Just like 20 years ago, they recognize they have no way of replicating a LeBron James or a Kevin Durant; instead, why not develop seven-foot traditional bruisers — an aspect and a position that many perceive as the major weak link today’s game?
Many would agree, though, the center position is making a comeback.
Sure, having generational talents like a Cousins and Karl-Anthony Towns helps tremendously; but looking at the depth of the position and you’ll find an army of European bigs who are either at the upper-echelon at the center hierarchy or are one of the more highly-touted up-and-coming prospects.

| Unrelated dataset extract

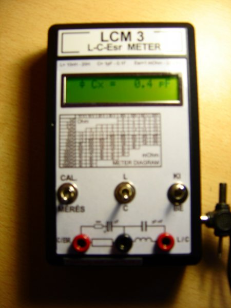Megépítettem az LCM 3-at ,leírom a tapasztalatokat. Az élesztés során elsőre nem indult mert C5 kondi zárlatos volt,miután kicseréltem minden működött(V1.24). Sajnos történt egy baleset , az l/C bemenet mérőcsipesze hozzá ért a négyágu tápdugóhoz és meghalt a PIC műveleti erősítője (a program működött a Pic-be , de az oszcilátor nem rezgett). PIC csere után ismét feléledt .de ESR-t csak 15Ω-ig mér(előző PIC-kel 30Ω felett volt) Uesr = 108mV ,a tekercset átraktam a foorasztási oldalra így 117mV lett! A Ccal értékét pontosítani kellet(nyomogombos álítás) ,de kikapcsolás után elfeljti(V1.24 programhiba !?), V1.2-1.22 jó A jó sorrend: 1; rádug 2; átvált 3; beállít 4; lehúz 5; visszavált Fo =496,5kHz Fcal =352,8kHz Re =0,240kΩ Uesr=117mV Fesr=83,3kHz In circuit mérőfeltét jól működik(Uesr=10mV) Megkérem a szerzőt hogy a V 1.24 Prg. javítását tegye fel ! Egyépként gratulálok a szerzőknek a remek műszerért! Üdv.:Nagy G.

I’m talking about established behemoths like Marc Gasol, Zaza Pachulia, Marcin Gortat, Jonas Valanciunus, Nikola Vucevic and Timofey Mozgov, as well as potential-filled studs like Kristaps Porzingis, Rudy Gobert, Nikola Jokic, Jusuf Nurkic, Boban Marjanovic (who is breaking the internet bit by bit with each passing day) and Alex Len.
So while for the first time in forever, the NBA All-Star game will be without the presence of a European, the continent as a whole continues to supply the league with its biggest needs — filling its largest voids.
And as we enter in this new age of three-point crazed basketball, don’t expect this trend dampen anytime soon.